Such Committees should comprise of the Judicial
Officers of the District Judges cadre and not less.
We have a large number of retired Judicial
Officers who can be assigned this duty.
(b) All the Scrutiny Committees should be brought
under the control and supervision and within the
purview of Art. 235 of the Constitution of India.
Their recruitments and appointments should be
under the High Court like any other judicial posts."
It is not clear as to whether Kharche, J. agreed with the
aforementioned directions of Kochar, J. or not.
We, however, with respect to the learned judges, record our
disapproval to the observations made and directions issued in this behalf.
The Caste Scrutiny Committee is a quasi-judicial body. It has been
set up for a specific purpose. It serves a social and constitutional purposes.
It is constituted to prevent fraud on Constitution. It may not be bound by the
provisions of Indian Evidence Act, but it would not be correct for the
superior courts to issue directions as to how it should appreciate evidence.
Evidence to be adduced in a matter before a quasi-judicial body cannot be
restricted to admission of documentary evidence only. It may of necessity
have to take oral evidence.
Moreover the nature of evidence to be adduced would vary from case
to case. The rights of a party to adduce evidence cannot be curtailed. It is
one thing to say how a quasi-judicial body should appreciate evidence
adduced before it in law but it is another thing to say that it must not allow
adduction of oral evidence at all.
It was furthermore not proper to suggest that all such bodies should be
brought within the purview of Article 235 of the Constitution of India or
only judicial officers should be appointed.

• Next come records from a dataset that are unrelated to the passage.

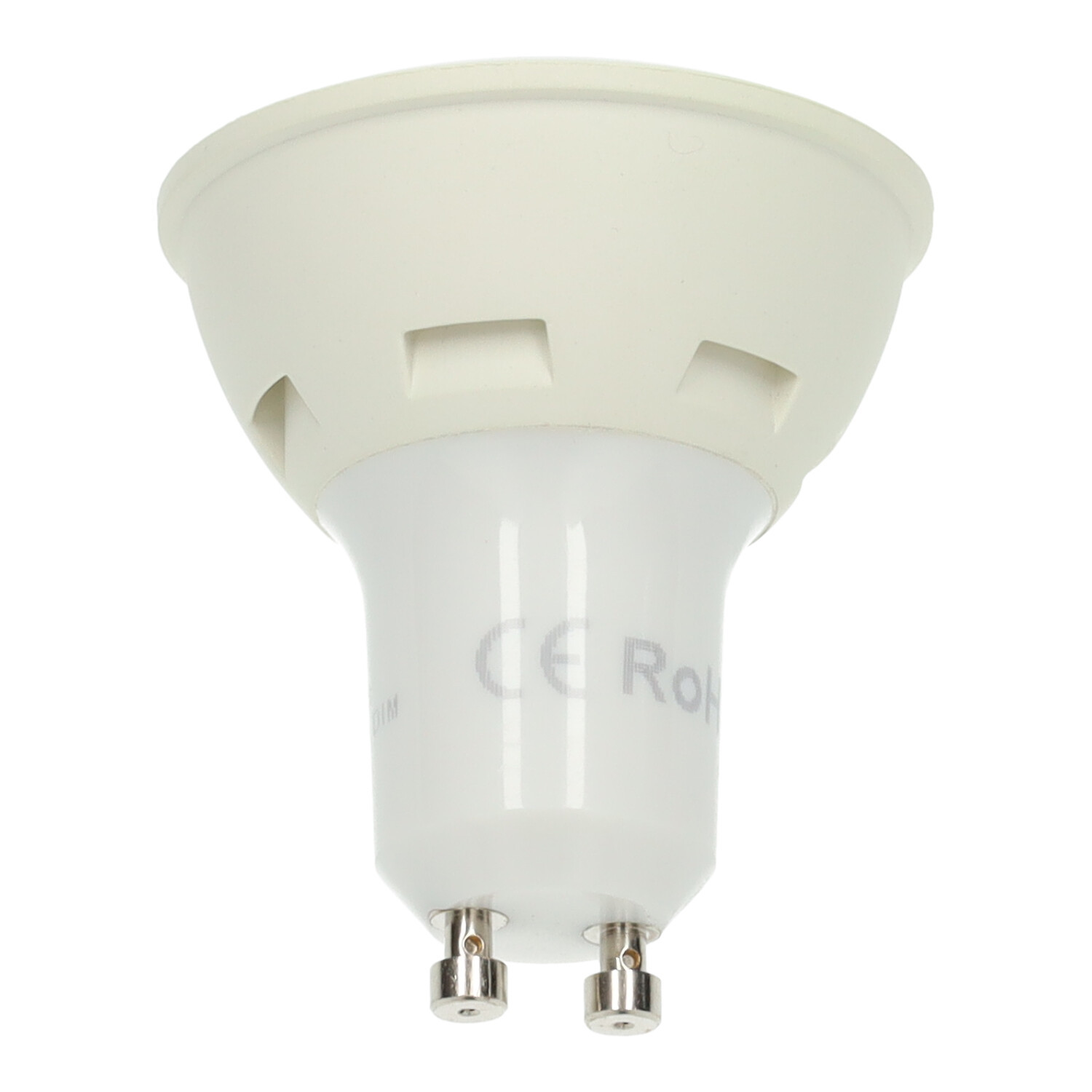La bombilla LED GU10 dicroica de 7W regulable, es una opción ideal para iluminar cualquier espacio de manera eficiente y económica. Esta bombilla es ideal para sustituir a los halógenos tradicionales de hasta 60W. Las bombillas LED consumen hasta un 85% menos de energía y duran 20 veces más que las bombillas incandescentes. Este tipo de bombilla permite regular la intensidad de la luz. Su instalación debe realizarse en lugares interiores al poseer un grado de protección IP20 (protección contra partículas sólidas de tamaño superior a 12 mm y no es resistente al agua). Es ideal para su uso dentro del hogar, restaurantes, tiendas, comercios, hoteles o centros comerciales. Los LEDs SMD que integra proporcionan un flujo luminoso de 700 lumens distribuidos uniformemente por un difusor de PVC, distribuyendo la luz en un ángulo de apertura de 40°. Posee unas dimensiones de ∅ 50 X 59 mm. Se instala en un casquillo del tipo GU10 conectado directamente a la toma de corriente (220/240V) con una frecuencia de servicio de 50/60 Hz. Está disponible en dos temperaturas de color, blanca (6000°K) y cálida (3000°K). Además de ser un producto que tiene más de 30.000 horas de vida, dispone de una garantía de 3 años. Cuenta también con el certificado CE, que acredita que se cumple con los requisitos de la UE respecto a compatibilidad electromagnética y normativa de baja tensión. Con este certificado se declara la conformidad de dicho producto con todos los requisitos legales exigidos, y asegura la validez del producto para ser vendido en todo el Espacio Económico Europeo.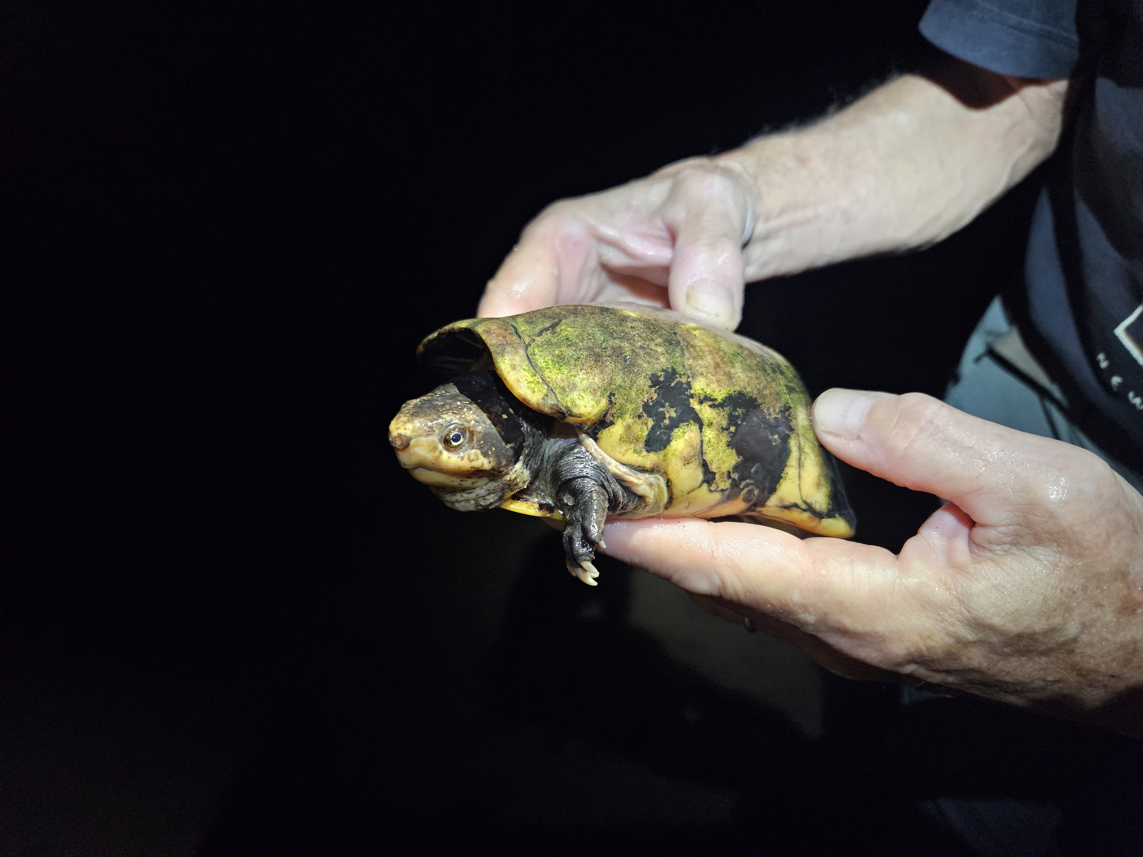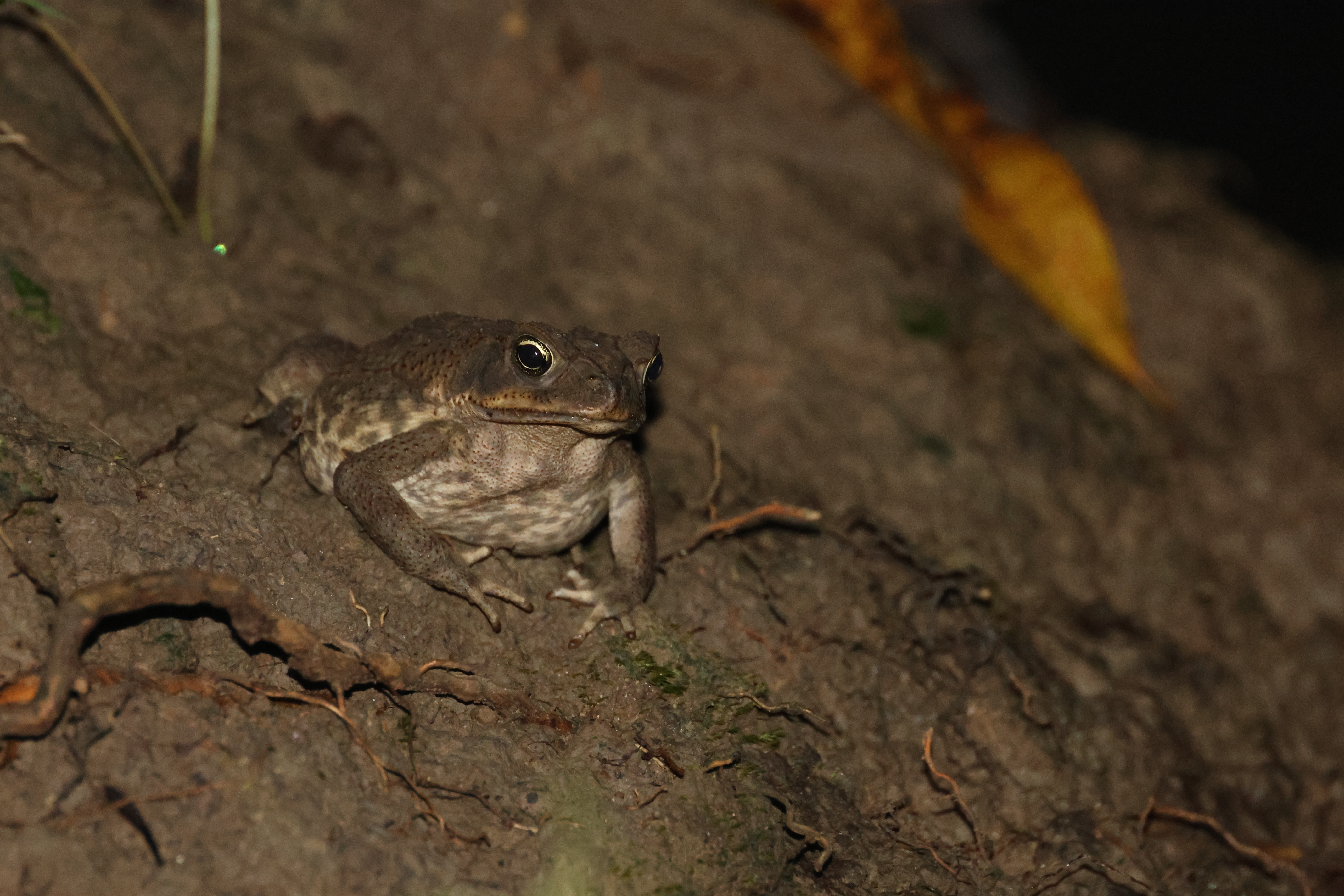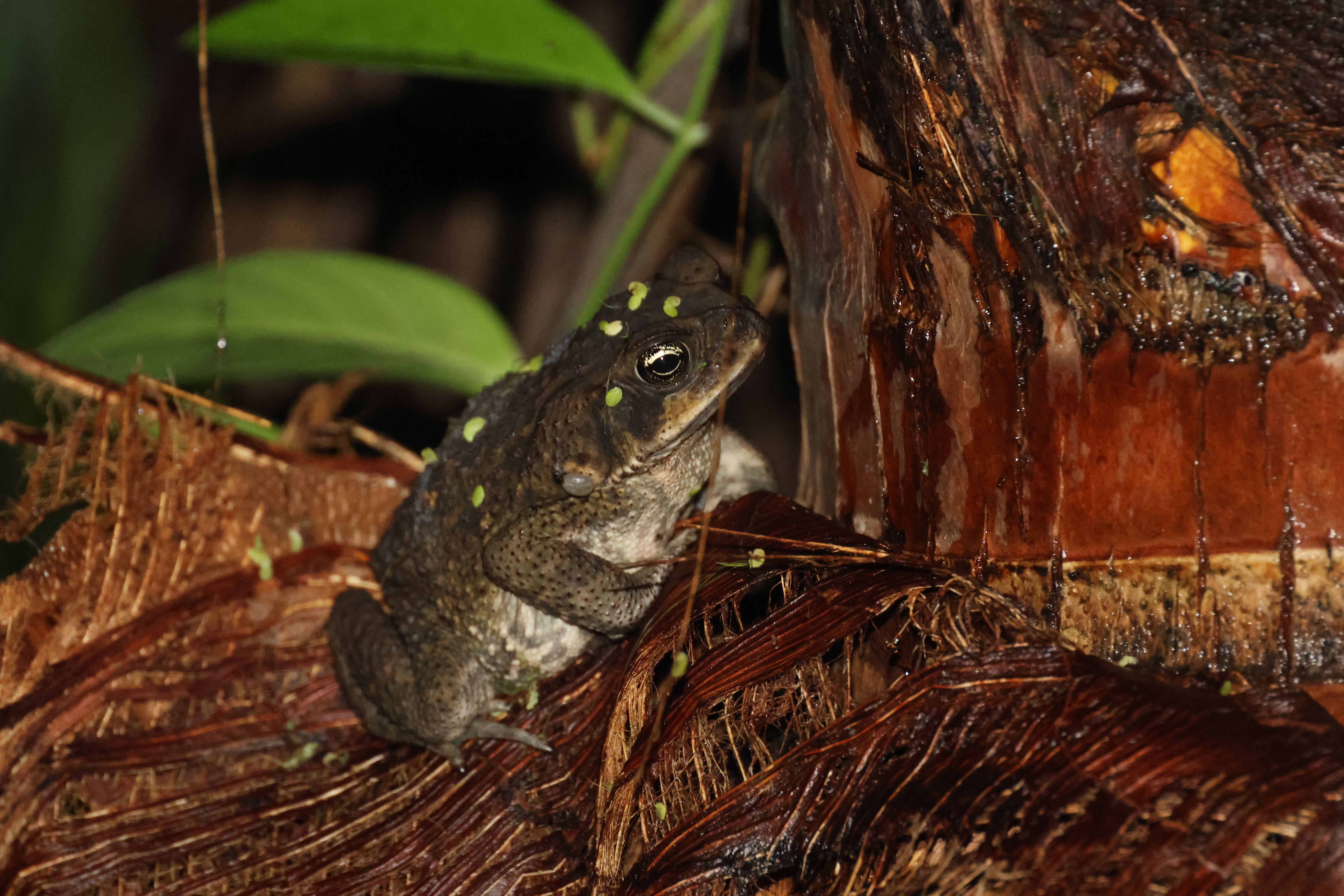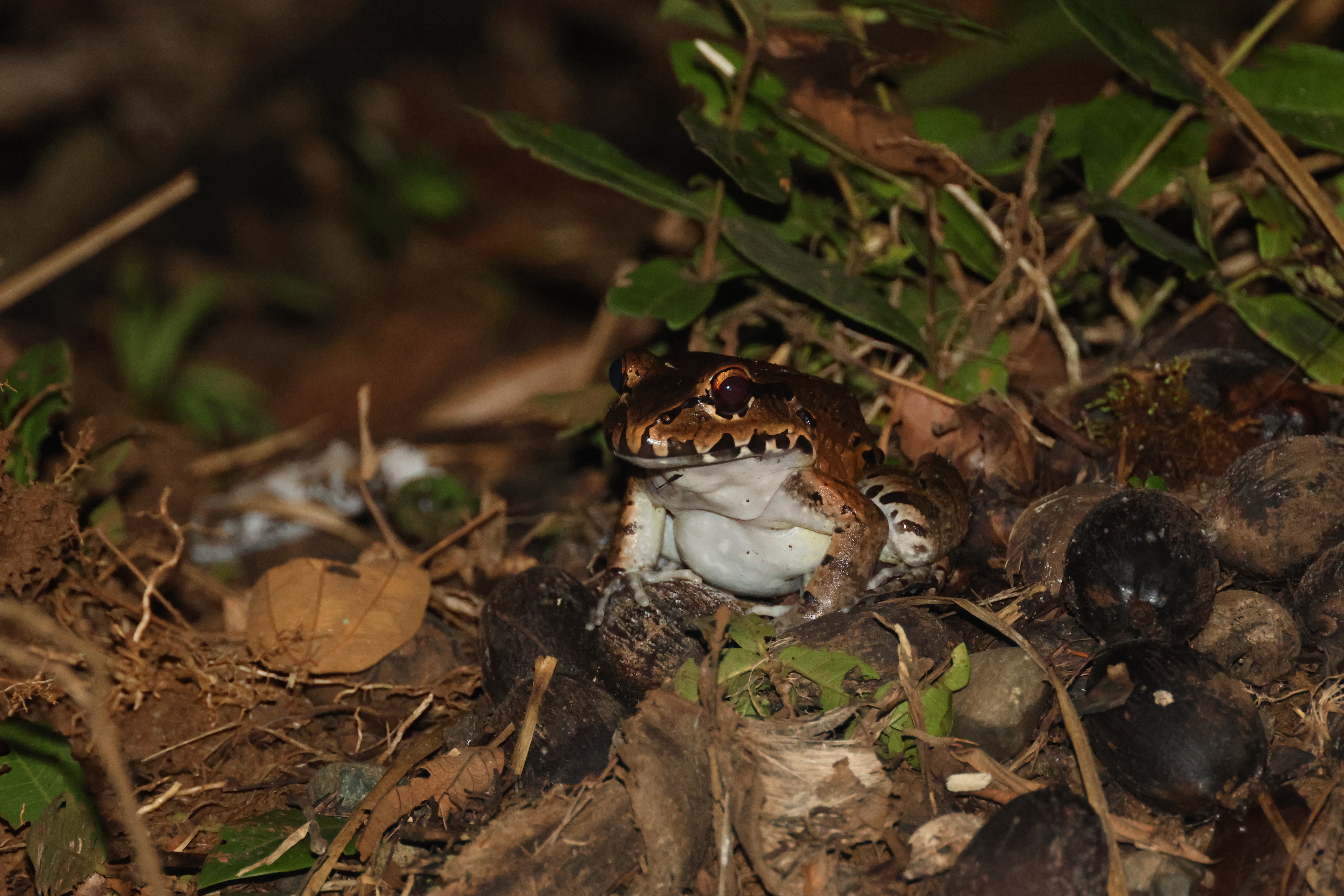 This large (up to 6 inches in length) terrestrial and noctural frog was readily spotted via headlamp due to its glowing red eyes (this is due to a reflective layer behind the retina called the tapetum lucidum). This species also goes by the common name: giant bullfrog. A closely related species (Leptodactylus fallax) found on the Caribbean islands of Dominica and Montserrat is a local delicacy known as the ‘mountain chicken’ and has been hunted to near extinction. Male L. savagei have robust forearms (evident in the last two photos) which are apparently used in territorial clashes with other males and to grasp females during mating. Like all Leptodactylus species, L. savagei is a foam nester. During mating bouts a foam nest is constructed by churning air, water, and secretions into a froth. Fertilized eggs are deposited into the foam, which forms a hardened outer layer while retaining a moist interior. The eggs hatch and the tadpoles complete metamorphosis within this nest over the course of a month.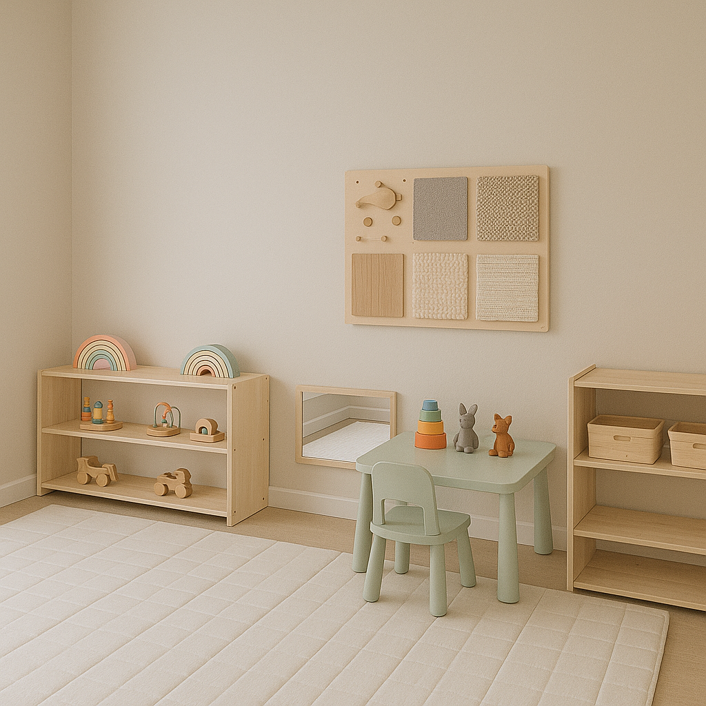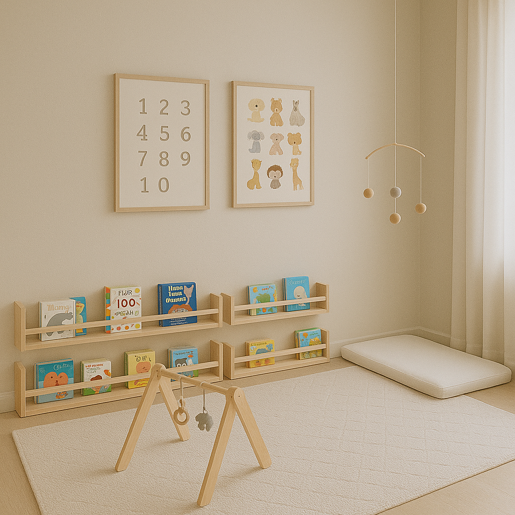 Montessori-inspired rooms are designed with the baby’s movement and independence in mind. Low beds, reachable bookshelves, and soft rugs turn the space into a place for learning and discovery. The materials are natural wood and cotton while the layout stays open. Instead of flashy decor, the style speaks through quiet function. It’s a child-centered design that supports calm play and early exploration.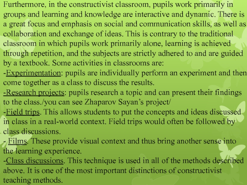 Furthermore, in the constructivist classroom, pupils work primarily in groups and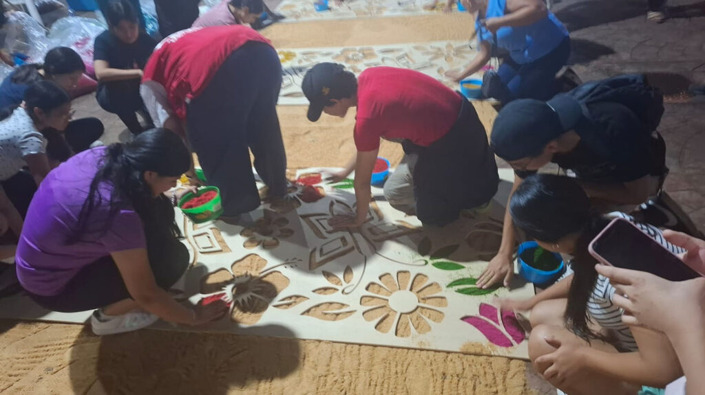 Tres toneladas de aserrín fueron ocupadas en el tapete artesanal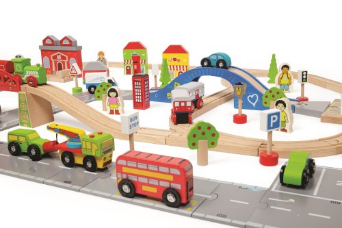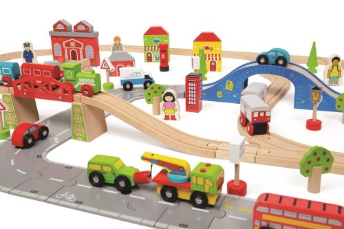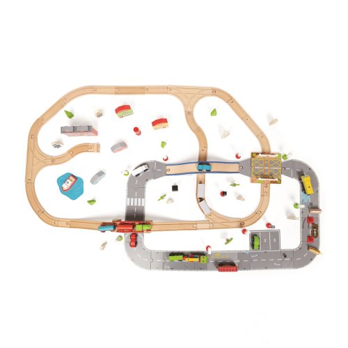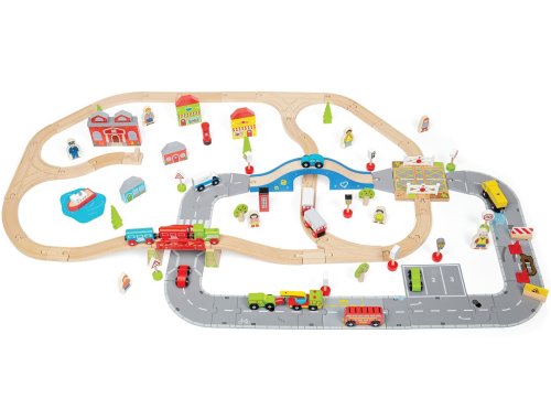 Užijte si najednou vláčkodráhu a autodráhu! Tento rozsáhlý dřevěný set nabízí prostor pro hru s představivostí, obsahuje hodně doplňků, které upoutají pozornost dětí. Vlaky a auta se potkají na křižovatce železničního přejezdu, cestující čekají ve vlakové stanici, set má dokonce loď, která pasažéry přenese přes jezero! Propojuje koleje a cesty a tak si děti mají pořád s čím hrát. K rozšíření setu je možno dokoupit další doplňky. Hlavní vlastnosti: vláčkodráhy a jejich příslušenství značky Bigjigs Rail je možné kombinovat se všemi dalšími dřevěnými vláčkodráhami na trhuvyrobeno z kvalitních a zodpovědně získaných přírodních materiálůodpovídá současným evropským bezpečnostním normámpodporuje představivost, obratnost a koordinaci

As judges, we should exercise restraint before making such
observations which would have a far reaching effect. Such directions could
not have been, in our opinion, issued in a matter where the State had not
been called upon to make its comments. No empirical study as regards
functioning of the Caste Scrutiny Committees was carried out. Such
sweeping remarks without there being adequate materials on records were,
thus, unwarranted. They are to a great extent contrary to and inconsistent
with the directions issued by this Court in Madhuri Patil (supra). We
would advert to this aspect of the matter a little later.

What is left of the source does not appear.